LXD has been moved to Canonical
Canonical has requested that the LXD project be moved from LinuxContainers to Canonical’s own infrastructure. This means that starting now, LXD related resources can be found at:
Website: https://ubuntu.com/lxd
Github: GitHub - canonical/lxd: Powerful system container and virtual machine manager
Forum: LXD - Ubuntu Community Hub
Documentation: Canonical LXD documentation
When it comes to this forum, the LXD section will be reconfigured to not allow new topics.
Existing topics will remain active and replies can be posted inside of them. New topics related to LXD posted to other sections of the forum will be redirected to the Ubuntu Discourse instead.

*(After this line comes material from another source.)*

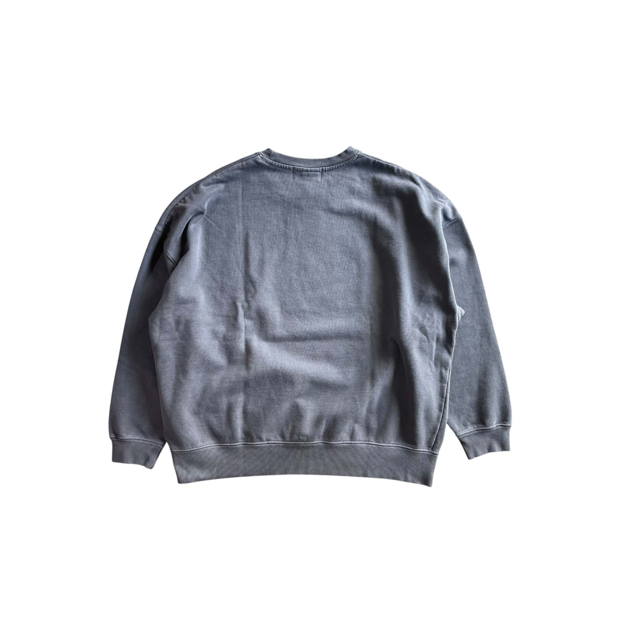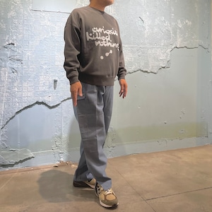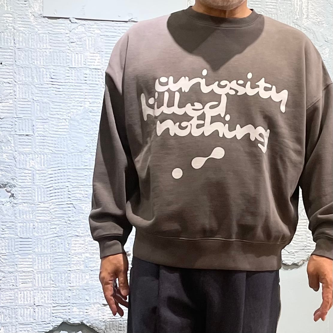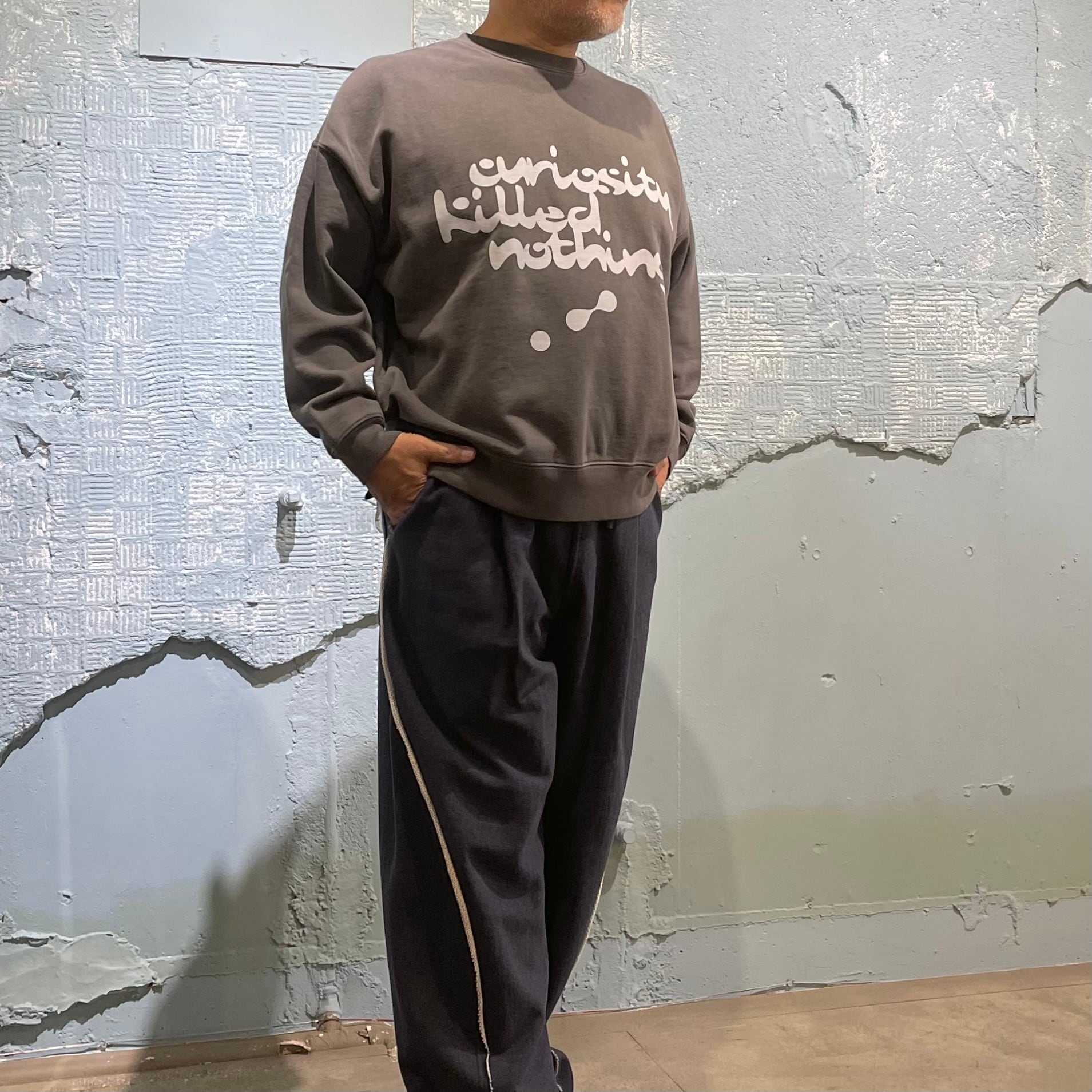 音楽からインスピレーションを得たグラフィックが特徴のプリントスウェット テクノの名盤、ケミカルブラザーズのジャケットへのオマージュ的なフォントです。プリントの色が白ではなく燻んだサックスというところもお洒落ですね、ボックスシルエットながらコンパクトなサイジング、素材は薄手のスウェット素材 かしっと腰のあるスウェットです。

Linux Containers project statement
Source: Linux Containers - LXD - Has been moved to Canonical
Date: 4th of July 2023
Hello,
Canonical, the creator and main contributor of the LXD project has decided that after over 8 years as part of the Linux Containers community, the project would now be better served directly under Canonical’s own set of projects.
While the team behind Linux Containers regrets that decision and will be missing LXD as one of its projects, it does respect Canonical’s decision and is now in the process of moving the project over.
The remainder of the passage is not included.